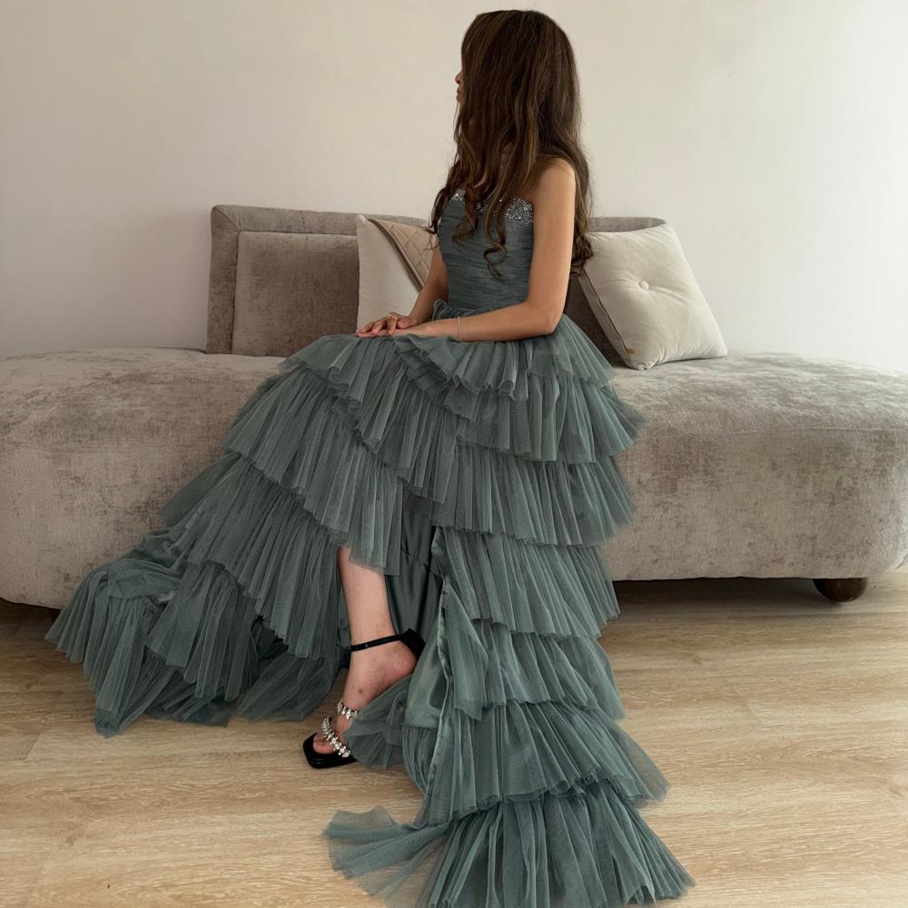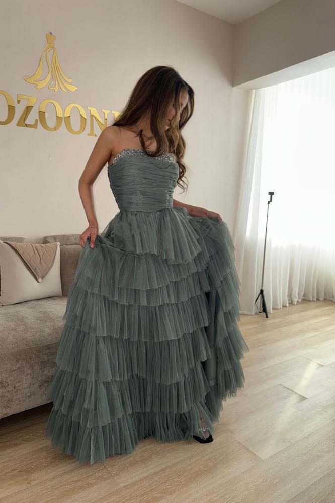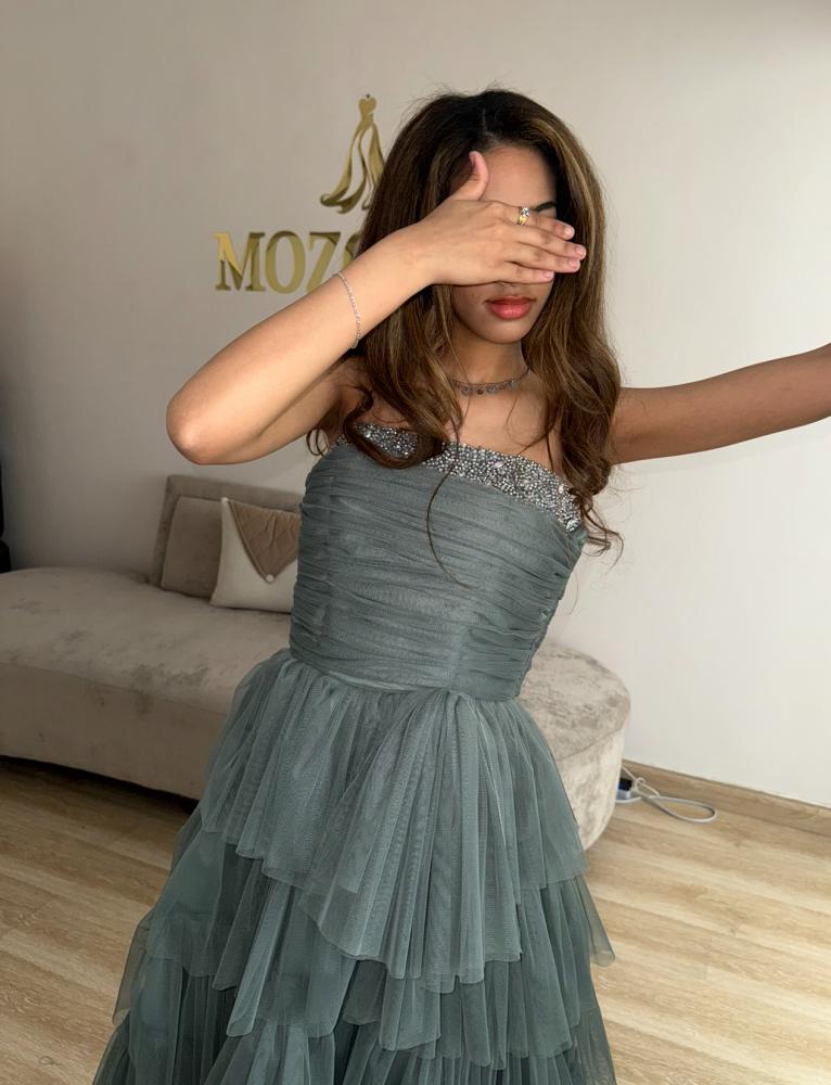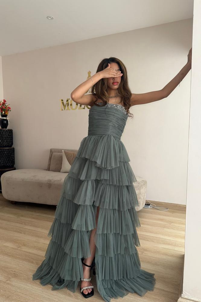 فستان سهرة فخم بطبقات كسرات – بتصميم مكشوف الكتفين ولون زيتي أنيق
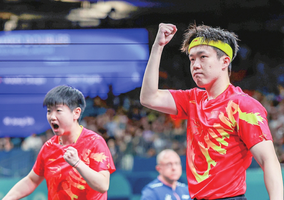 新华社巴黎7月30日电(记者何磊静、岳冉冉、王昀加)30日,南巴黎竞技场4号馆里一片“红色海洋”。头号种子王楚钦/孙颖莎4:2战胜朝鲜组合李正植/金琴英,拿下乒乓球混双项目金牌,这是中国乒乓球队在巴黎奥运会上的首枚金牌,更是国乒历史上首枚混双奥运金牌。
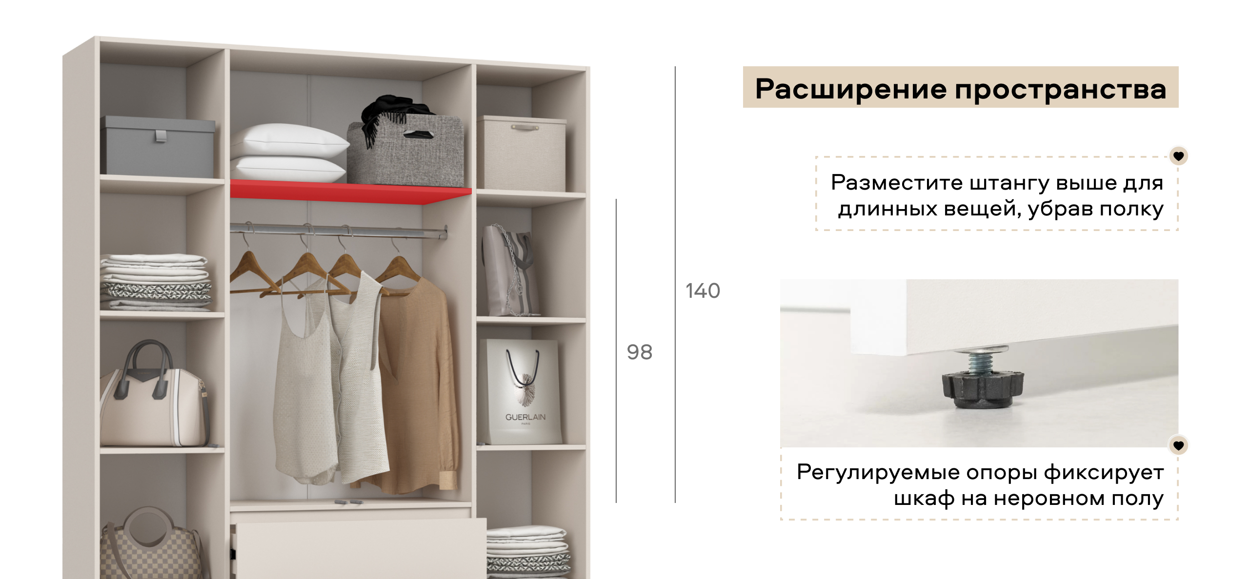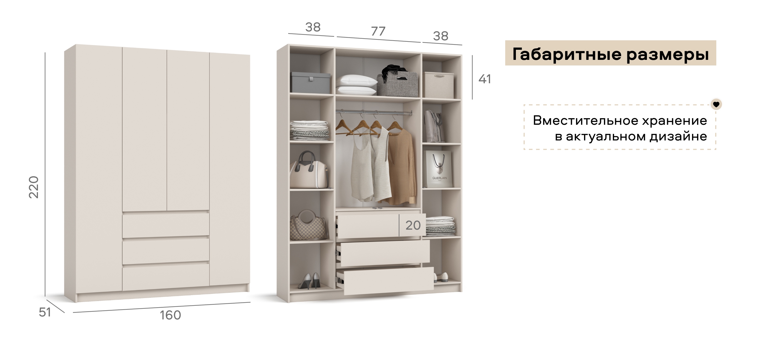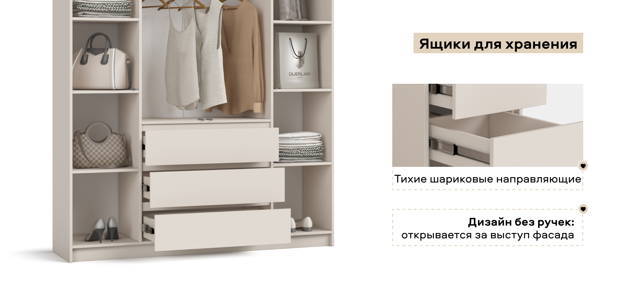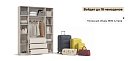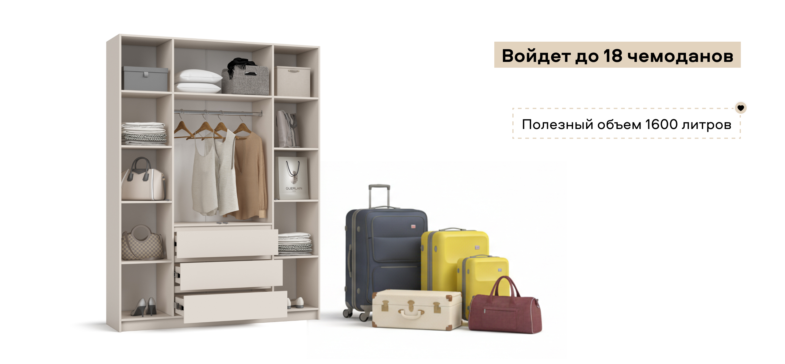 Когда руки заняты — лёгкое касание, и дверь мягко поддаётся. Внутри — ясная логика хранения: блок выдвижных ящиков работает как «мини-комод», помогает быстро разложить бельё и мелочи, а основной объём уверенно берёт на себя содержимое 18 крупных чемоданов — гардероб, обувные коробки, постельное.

- _Activity_:
Your output must consist only of the lines from the line with "新华社巴黎7月30日电(记者" through the final line of the data, both included, reproduced exactly and free of pictures.

- _Result of the task_:
 新华社巴黎7月30日电(记者何磊静、岳冉冉、王昀加)30日,南巴黎竞技场4号馆里一片“红色海洋”。头号种子王楚钦/孙颖莎4:2战胜朝鲜组合李正植/金琴英,拿下乒乓球混双项目金牌,这是中国乒乓球队在巴黎奥运会上的首枚金牌,更是国乒历史上首枚混双奥运金牌。
 Когда руки заняты — лёгкое касание, и дверь мягко поддаётся. Внутри — ясная логика хранения: блок выдвижных ящиков работает как «мини-комод», помогает быстро разложить бельё и мелочи, а основной объём уверенно берёт на себя содержимое 18 крупных чемоданов — гардероб, обувные коробки, постельное.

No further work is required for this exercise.